Ultimately, Adlyfe hopes to develop a diagnostic test “panel” to test for AD and certain other diseases that are thought to be the result of the aggregation of amyloid plaques in the brain, which leads to dementia.
Rudolph said that there are some 4 million to 5 million cases of AD now in the U.S., with about 100,000 deaths each year.
“The prevalence projections are growing,” Rudolph said, not only in the U.S., but also in Europe, where Adlyfe first hopes to secure a CE mark and later seek FDA approval.
The company describes the technology as a “catalytic detection method” that screens for very low concentrations of misfolded particles, such as proteins in serum or blood, which could identify asymptomatic patients.
“Back when the patent was filed, it wasn’t catalytic in the strict sense of how a chemist or biochemist would use the word catalytic, but it’s really a very similar thing,” Cindy Orser, PhD, told MDD. Orser is Adlyfe’s VP of R&D and one of the three inventors of the technology.
“The reason we chose that word is because there are really two phenomenons occurring; one is the target peptide recognizing its substrate, a folded prion protein, or the misfolded aggregated protein,” she said.
Subsequent to that, it becomes what she characterized as a “domino effect,” whereby signaling through those peptide molecules that have interacted with a misfolded protein, will then itself misfold. “Then that’s propagated throughout the population of those peptide molecules that are in the reaction assay,” she said, or what is otherwise known as “amplification.”
Rudolph said these so-called “propagation catalysts” are formally called Pronucleon ligands.
“That is really what is unique about technology — it’s that we’re using the same molecule to interact with the target and to propagate this signal with molecules resulting in an amplified signal which is generated by the fluorophores that are on the end of the peptides,” Orser told MDD. “When the propagation catalyst changes, when it interacts with its substrate, the probes or fluorophores come into proximity with each other and you actually see a visual shift in fluorescence.”
In other efforts toward a diagnostic test for Alzheimer’s, scientists at the Blanchette Rockefeller Neurosciences Institute (BRNI; Morgantown, West Virginia), affiliated with West Virginia University (also Morgantown), reported last August that they have isolated a substance in skin cells that may provide doctors with a quick and accurate yes-or-no answer when they suspect a patient is showing early signs of the disease.
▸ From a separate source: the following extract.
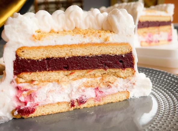 Kalup 30×10 cm, obložite streč folijom. Na dno poređajte red plazma keksa, koji ste predhodo umakali u mleko. Preko stavite vruć fil sa višnjama i čokoladom. Zatim red plazma keksa, koji ste predhodo umakali u mleko, pa fil sa Višnjama i šlagom. Na kraju stavite plazma keks, koji ste predhodo umakali u mleko.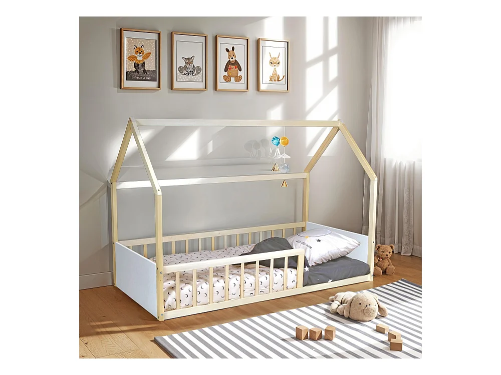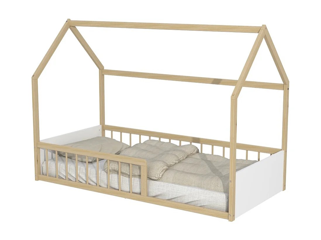 Lit cabane BALOO 90x190 + 1 sommier / Blanc et naturel

They hope this puts them on the road toward developing a skin test for Alzheimer’s disease as well as the road to personalized medicine.
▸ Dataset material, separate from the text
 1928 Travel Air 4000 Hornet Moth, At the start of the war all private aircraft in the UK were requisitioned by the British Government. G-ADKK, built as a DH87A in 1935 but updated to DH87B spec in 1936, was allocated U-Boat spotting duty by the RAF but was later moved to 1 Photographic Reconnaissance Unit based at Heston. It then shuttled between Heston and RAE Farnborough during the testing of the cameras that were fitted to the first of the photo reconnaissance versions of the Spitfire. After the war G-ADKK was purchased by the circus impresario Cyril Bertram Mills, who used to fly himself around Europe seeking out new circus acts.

Adlyfe was initially funded by the Defense Advanced Research Projects Agency (DARPA; Ft. Detrick, Maryland) of the U.S. Department of Defense, with more than $7 million from that agency, in addition to the U.S. Army Medical Research and Materiel Command, the National Heart, Lung and Blood Institute, and the UK’s Department for Environment, Food and Rural Affairs. It also had received about $650,000 in a two-year grant from the UK Department of Environment, Food and Rural Affairs in September 2005 for a sensitive early blood test for animal prion diseases.
The shift to Alzheimer’s occurred when the company received its most recent financing of $3.3 million from venture capital firms Canaan Venture Partners and Burrill Associates.